Background. Kawasaki disease is an acute vasculitis of unknown cause that affects children under 5 years of age and in 20-25% of cases can cause coronary artery anomalies. Early therapy with intravenous gamma globulin and aspirin greatly decreases the risk of developing coronary anomalies, but sometimes coronary disease develops even in timely diagnosed and treated cases.
Methods. Personal experience in 41 children with Kawasaki disease is reported. Age was within three months and 5 years. All patients had electrocardiography and echocardiography at diagnosis, after 1 week, at the third, sixth, and eighth week, after six months and after 1 year from diagnosis. Echocardiographic cardiac anomalies were found only in 5 cases (12.19%). Average age in these cases was lower.
Results.

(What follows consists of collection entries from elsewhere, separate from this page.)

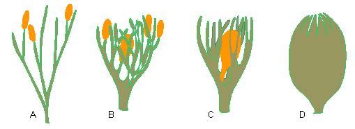 Sukzessiv aufeinanderfolgende Schritte, die zum Einschluß eines Sporangiums durch Nucellus und Integument führten, so wie es bei den Samen der Pteridospermen in Erscheinung tritt. A. terminal sitzende Sporangien (Rhynia), B. Übergipfelung eines Sporangiums durch fertile und sterile Telome (Hedeia corymbosa). C. ein hypothetisches Stadium. Ein vergrößertes Sporangium, das von einem Telomnetzwerk eingeschlossen wird. D. Samen mit Sporangium (Nucellus), von verwachsenen Telomen (= Integument) umgeben (Nach WALTON, 1940, aus H. N. ANDREWS, 1961).
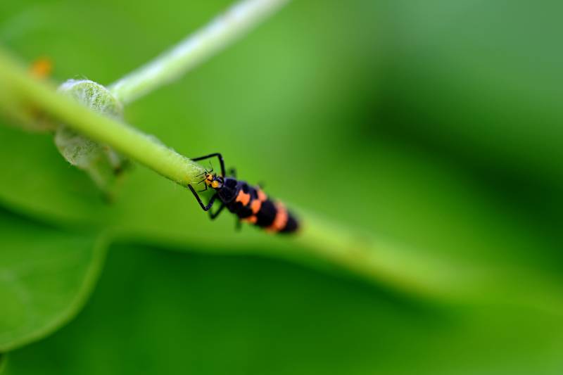 斑脊长蝽栖息绿叶间
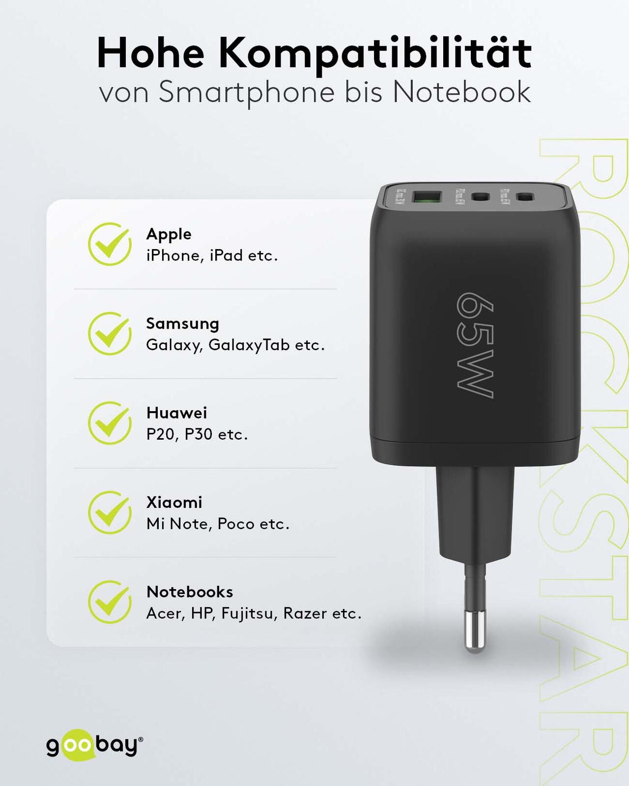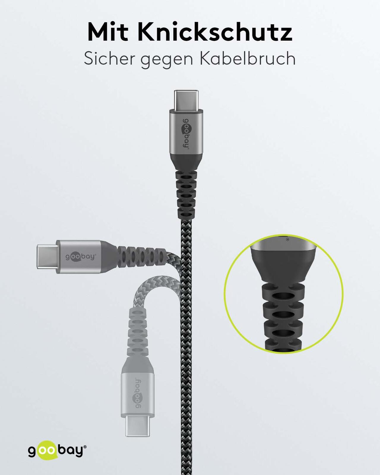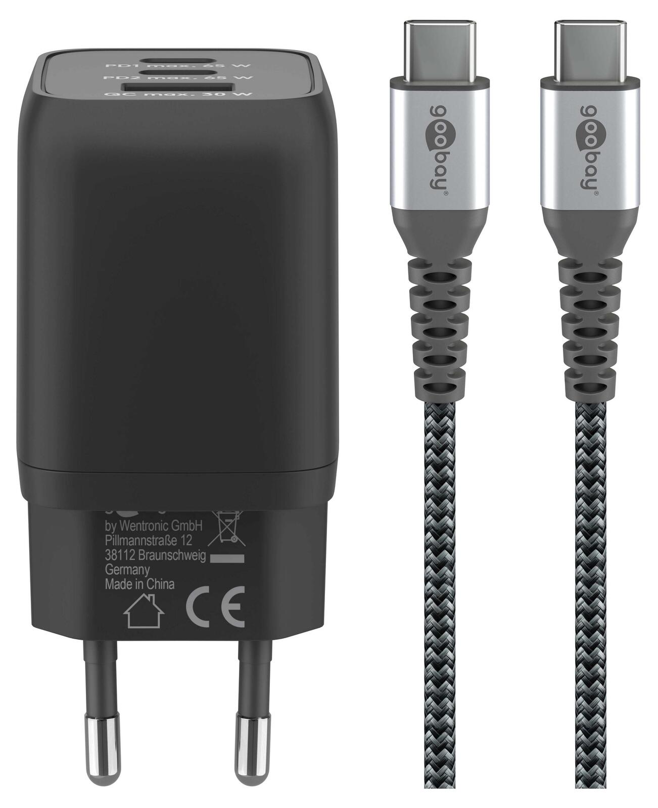 goobay Ladekabel mit Adapter schwarz, Kabellänge: 1,0 m, 65 Watt
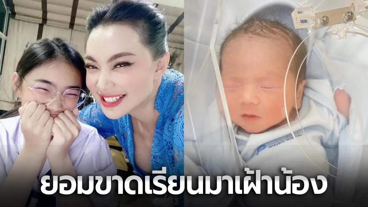 ล่าสุด แม่บุ๋ม ยังโพสต์ภาพโมเมนต์อบอุ่นของ พี่อันดา ลูกสาวคนโต ยืนเฝ้าน้องอเล็กซ์ไม่ห่าง พร้อมแคปชันว่า “เหมือนจะไม่ตื่นเต้น ยอมขาดเรียนเพื่อมาดูน้องเป็นครั้งแรก
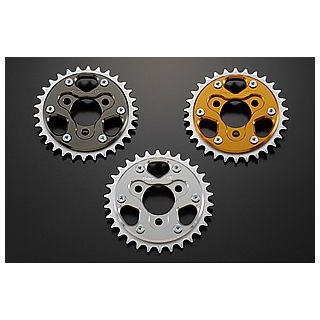アルミ削り出しインナーに、より駆動抵抗の少ない#415チェーン対応のスティールドリブンスプロケットを組み合わせたハイブリッドドリブンスプロケット。

In these cases coronary involvement developed in spite of early diagnosis and therapy (intravenous gamma globulin 400 mg/kg die and aspirin) electrocardiographic findings were not relevant or specific to coronary arteries anomaly. In three cases coronary anomalies regressed during the first year from diagnosis, the other two are still in the first year of follow-up. Nine children had a long term follow-up (6 to 9 years) and they were all normal except one with renal arteritis and another with slight mitral incompetence.
Conclusions. The authors underline the role of clinical and instrumental follow-up that should be extended to all patients affected by Kawasaki disease with coronary anomalies even if early regressed.